Since then, with the continuous improvement of observation targets and processing technology, countries such as Switzerland, Germany, the United States, and Russia have successively used coronagraphs as conventional ground-based equipment to carry out continuous observations of the solar corona. The detection field of view, time/space resolution, and stray light suppression level of coronagraphs have been continuously improved, and they have entered autonomous space detection from ground-based observations.

Currently, coronagraphs have become indispensable instruments for scientific research and monitoring of solar physics and space weather.

So, what is the status of coronagraph research in our country?

Compared with developed countries, my country started developing coronagraphs relatively late. The earliest coronagraph development began in Nanjing. In June 1959, Nanjing University organized a coronagraph test in Zhulongguan, Qilian Mountains, Gansu. However, due to the limitations of the crude instrument and observation environment at that time, the corona image could not be successfully captured.

Decades later, our Western China Solar Site Selection Team carried scientific equipment and visited more than 60 sites in Xinjiang, Tibet, Ningxia, Qinghai, Sichuan, Yunnan and other provinces and cities. Through scientific analysis, combined with statistical data on transportation, meteorological and climatic factors, geographical and geological conditions, social and population development, we obtained several ideal candidate sites for coronagraph stations.

Now, based on international cooperation, we completed the construction of a coronagraph at the Lijiang Astronomical Observatory of Yunnan Observatory at an altitude of 3,200 meters in 2013. This not only opened up the observation of the corona in my country during non-total solar eclipses, but also proved that there are indeed excellent sites in the high-altitude areas in western my country that are suitable for ground-based coronagraph observations, laying a solid foundation for the development of coronagraphs in my country.

After continuous upgrading and transformation of the coronagraph, and conducting exchanges and cooperation with key domestic universities and research institutes, the team completed the construction of the Lijiang Coronagraph High Altitude Experimental Base in 2017. At the same time, the team also concentrated its strengths to carry out cooperation with Shandong University (Weihai), Changchun Institute of Optics, Fine Mechanics and Physics, Chinese Academy of Sciences, University of Science and Technology of China, National Astronomical Observatory, Purple Mountain Observatory and other institutions.

Hard work pays off. On October 22, 2018, my country's independently developed coronagraph prototype successfully obtained a green line coronagraph image at the Lijiang Coronagraph High Altitude Test Base!

The success of this test is a historic breakthrough for my country in key coronagraph technologies, and marks that my country has entered the international coronagraph development ranks.

Although such a breakthrough has been achieved, scientists are well aware that there is still a long way to go before they can lag behind the world's top researchers. Therefore, after successfully obtaining the image of the solar corona, scientists immediately started new research.

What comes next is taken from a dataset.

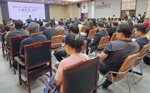 Áö³­ 12ÀÏ ³ªÁÖ½Ãû¿¡¼­ ¿­¸° ù ±³À°¿¡¼± ³ªÁÖ ¿Ü±¹ÀÎ °í¿ë»ç¾÷Àå °í¿ëÁÖ 200¿© ¸íÀÌ Âü¼®ÇØ ¡®2025 ¿Ü±¹ÀÎ °í¿ë»ç¾÷Àå ³ëµ¿À뱂 ±³À°¡¯À» À̼öÇϰí, ÇöÀåÀÇ °í¹Î°ú ¾Ö·Î»çÇ×À» °øÀ¯Çß´Ù.

This time, they turned their attention to the study of the brightness of the Sun's K corona.

The K corona is formed by the scattering of direct light from the solar photosphere by free electrons in the corona. The brightness of the K corona can reflect the distribution of free electron and ion density in the corona. Coronal mass ejections in solar eruptions are the phenomenon of large-scale ejection of coronal material from the surface of the sun in a relatively short period of time. It is the most violent explosive activity in the solar atmosphere and the largest and most destructive explosion from the sun. Coronal mass ejections carry a large amount of coronal plasma, and the dynamic changes in its density are closely related to the formation mechanism of the K corona. The observation of the K corona has important scientific research value.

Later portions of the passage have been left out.